Several sculptures seem to haunt the gallery space, memorials to ongoing histories of labour exploitation. Pregnant women, their baskets full of baby clothes, are surrounded by guns, an allegory for the many ways in which violence at the hands of the West has thwarted the continent’s attempts to birth its renaissance.

A business suit, made entirely out of discarded keyboard keys, ripples and floods out the wall, an allusion to Mobutu Sese Seko’s infamous prophecy, Après moi, le déluge. Busts of Mobutu and Patrice Lumumba stand contrary to one another, samples from their speeches overlapping, struggling between different strategies of Africanisation.

Hundreds of computer mice are suspended from the ceiling, referencing the Congolese ruling government’s history of shutting down the Internet and other communication networks during elections. Photographs show Mbikayi wearing a pig mask and posed in elite colonial garb, reminiscent of dictators like Henry Morton Stanley, Otto von Bismarck and King Leopold II.

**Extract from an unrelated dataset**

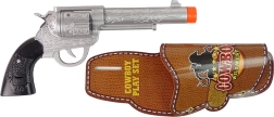 Leichter Revolver (23 × 10 × 4 cm) liegt gut in der Hand und ist dank Gürtelholster stets griffbereit. Die sichere orangefarbene Spitze zeigt klar, dass es sich um ein Spielzeug handelt.

A life-sized piggy bank, surrounded by fabricated gold bars, critiques international aid, which has left ‘developing’ African countries trapped in debts to the US, Europe, and China that are impossible to repay. Dozens of drawers – some locked, some flipped upside down – represent different African nationalities, whose economic growth remains in control of Western bureaucracy.

Coucou is a French slang greeting that derives from the noise a cuckoo clock makes. Coucou Crumble says, ‘Time’s up.’ When things fall unmanageably apart, who will suffer? Who will be held accountable? Who will control our resources, material and electronic? Mbikayi is not afraid to call out the systemic powers that be, and imagines a future in which African people can reinvent themselves out of the chaos.